While a commercial offering will close some doors within Terra, the platform’s expansion to Microsoft’s cloud may enable democratization in a different way. “Terra is a very global offering,” said Bernard, with thousands of researchers a month connecting from around the world and hosting datasets on the platform. Microsoft, with its internationally distributed Azure data centers, could make it even easier for the global research community to work together.
For Lunt, those kinds of collaborations are what he’s kept in mind while working to build Researcher Workbench. And he’s starting to see the project’s goals come to fruition.
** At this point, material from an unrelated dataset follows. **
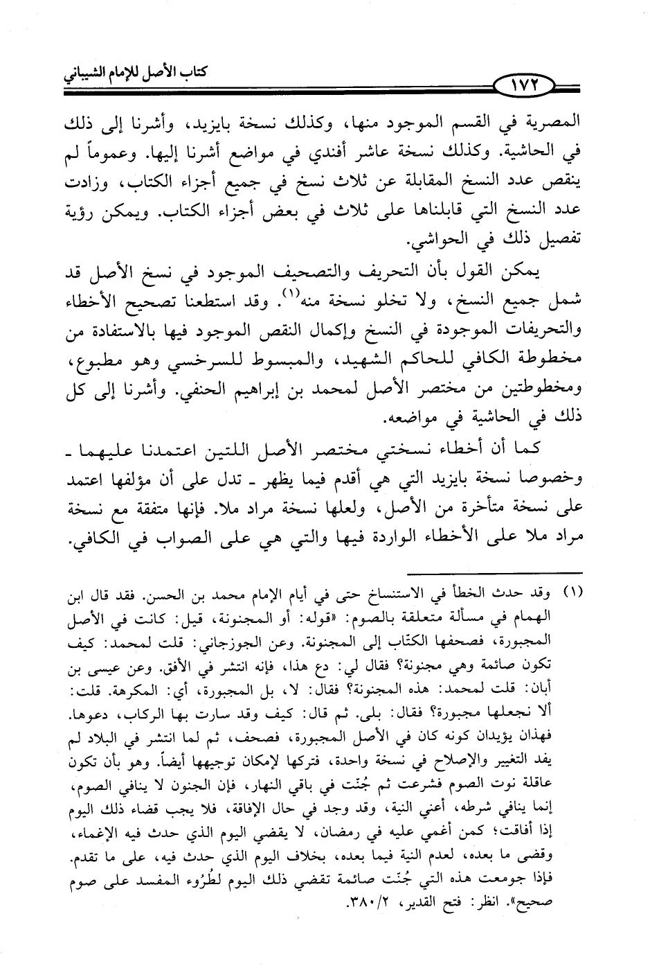 (¬1) وقد حدث الخطأ في الاستنساخ حتى في أيام الإمام محمد بن الحسن. فقد قال ابن الهمام في مسألة متعلقة بالصوم: "قوله: أو المجنونة، قيل: كانت في الأصل المجبورة، فصحفها الكتّاب إلى المجنونة. وعن الجوزجاني: قلت لمحمد: كيف تكون صائمة وهي مجنونة؟ فقال في: دع هذا، فإنه انتشر في الأفق. وعن عيسى بن أبان: قلت لمحمد: هذه المجنونة؟ فقال: لا، بل المجبورة، أي: المكرهة. قلت: ألا نجعلها مجبورة؟ فقال: بلى. ثم قال: كيف وقد سارت بها الركاب، دعوها. فهذان يؤيدان كونه كان في الأصل المجبورة، فصحف، ثم لما انتشر في البلاد لم يفد التغيير والإصلاح في نسخة واحدة، فتركها لإمكان توجيهها أيضاً. وهو بأن تكون عاقلة نوت الصوم فشرعت ثم جُنّت في باقي النهار، فإن الجنون لا ينافي الصوم، إنما ينافي شرطه، أعني النية، وقد وجد في حال الإفاقة، فلا يجب قضاء ذلك اليوم إذا أفاقت؛ كمن أغمي عليه في رمضان، لا يقضي اليوم الذي حدث فيه الإغماء، وقضى ما بعده، لعدم النية فيما بعده، بخلاف اليوم الذي حدث فيه، على ما تقدم. فإذا جومعت هذه التي جُنّت صائمة تقضي ذلك اليوم لطُرُوء المفسد على صوم صحيح ". انظر: فتح القدير، 2/ 380.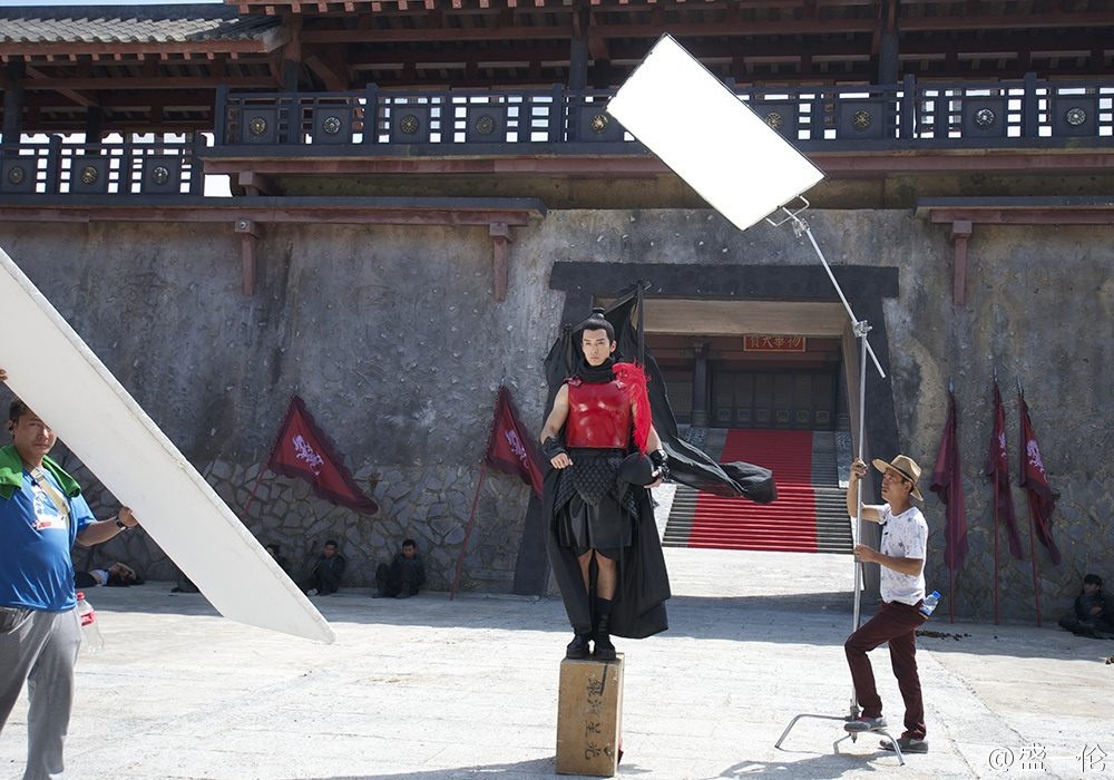 | Đạo cụ của đoàn làm phim đều là tự chế. Đây là cảnh Thái tử Tề Thịnh xuất hiện oai phong trên màn ảnh. Thực tế, hình ảnh khi quay không hề tráng lệ. |

In late January, researchers from the University of San Diego published results online in the American Journal of Ophthalmology validating a machine learning model that predicts the need for surgery in patients with glaucoma. Then, they retrained it with new electronic health record data from All of Us participants, which the authors said offered a “greater diversity of participants compared to our cohort for the original model, which was derived from a single academic center.” The retrained model performed notably better than the original.
It is the first peer-reviewed publication using data from the Researcher Workbench.
“I said when I started the program, I can fill in the other eye when the first paper comes out,” Lunt said, holding up his desktop Daruma. Now, it will finally have its depth perception.